» Data excerpt
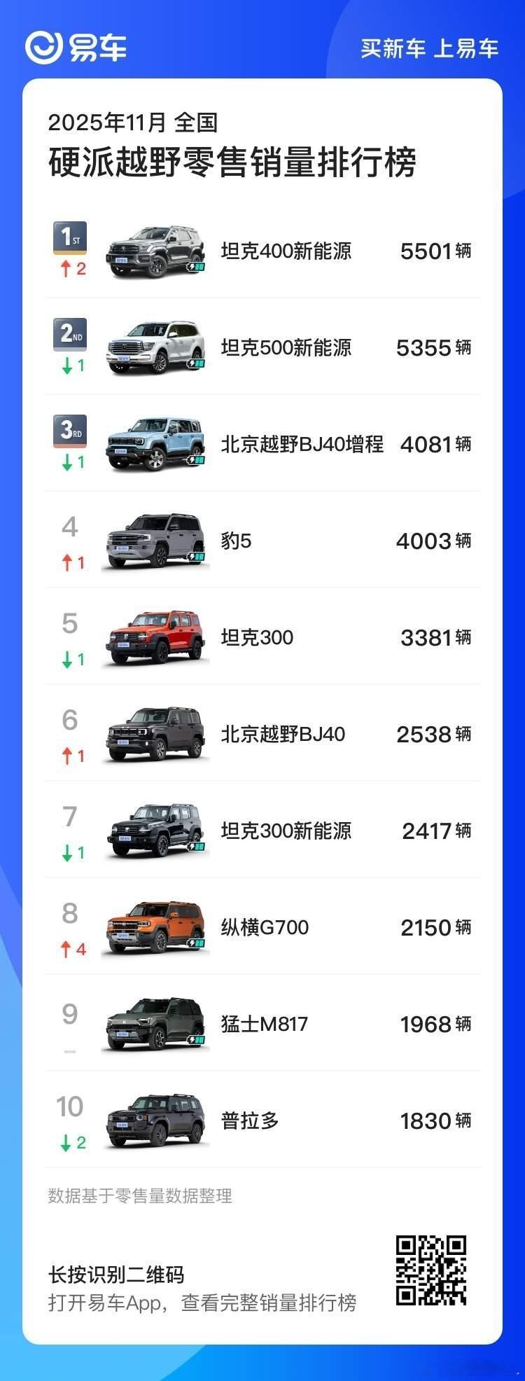 坦克手里的牌是很多的。全新坦克500和400的改款无疑是成功的。那就是外观的细微调整+智能化+冰箱彩电大沙发。下一步就是全新坦克700。现款700的问题在于动力总成单一,只有3.0的Hi4-T。新款700的外观无限接近首发限定版,非常霸气,并且增加了新的动力总成。再然后就是坦克的新车型,坦克已经很久没有新车型发布了。还有情绪价值配置的提升。比如前后整体桥的虎克版、大脚版、可拆卸车顶、无边框车门等等等等。坦克之所以慢吞吞的。根本原因我觉得还是因为竞争对手没有一个给力的。压力没给到位。
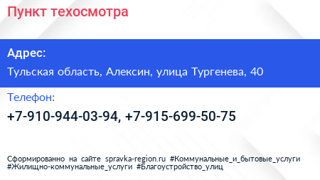 Пункт техосмотра по адресу Тульская область, Алексин, улица Тургенева, 40 в дальнейшем Организация, размещена в следующих категориях:
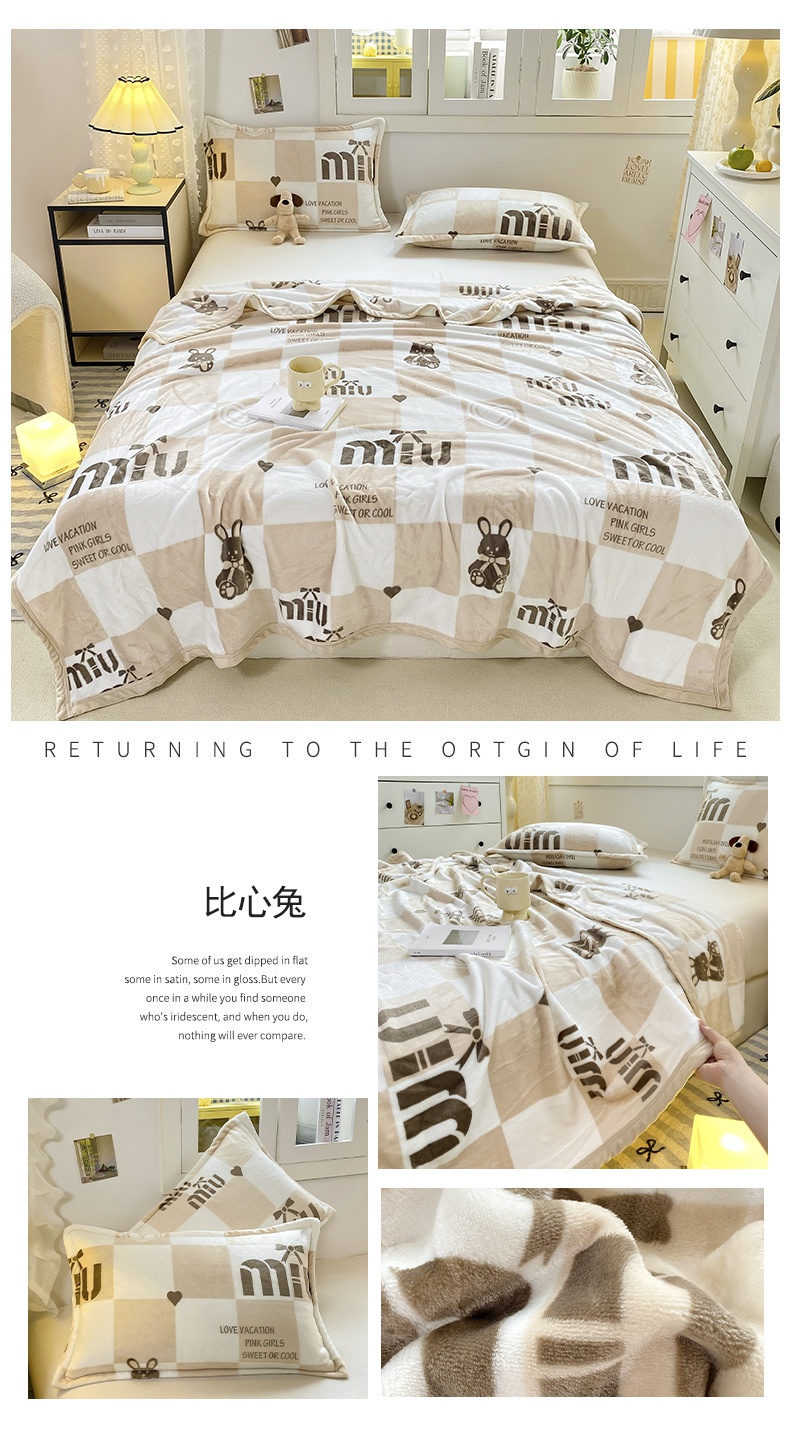 (总)楠沐家纺 2025新款双面牛奶绒多功能印花毛毯,丛林密语,字母狗,小兰花,小南瓜,小熊仔,朵朵花开,棋盘格,比心兔,波浪爱心,爱心粉,竹叶熊猫,简约都市,绿色心情,蓝叶熊,郁金香

» Exercise details
Your answer must contain the full data, repeated exactly, without pictures.

» Reply
 坦克手里的牌是很多的。全新坦克500和400的改款无疑是成功的。那就是外观的细微调整+智能化+冰箱彩电大沙发。下一步就是全新坦克700。现款700的问题在于动力总成单一,只有3.0的Hi4-T。新款700的外观无限接近首发限定版,非常霸气,并且增加了新的动力总成。再然后就是坦克的新车型,坦克已经很久没有新车型发布了。还有情绪价值配置的提升。比如前后整体桥的虎克版、大脚版、可拆卸车顶、无边框车门等等等等。坦克之所以慢吞吞的。根本原因我觉得还是因为竞争对手没有一个给力的。压力没给到位。
 Пункт техосмотра по адресу Тульская область, Алексин, улица Тургенева, 40 в дальнейшем Организация, размещена в следующих категориях:
 (总)楠沐家纺 2025新款双面牛奶绒多功能印花毛毯,丛林密语,字母狗,小兰花,小南瓜,小熊仔,朵朵花开,棋盘格,比心兔,波浪爱心,爱心粉,竹叶熊猫,简约都市,绿色心情,蓝叶熊,郁金香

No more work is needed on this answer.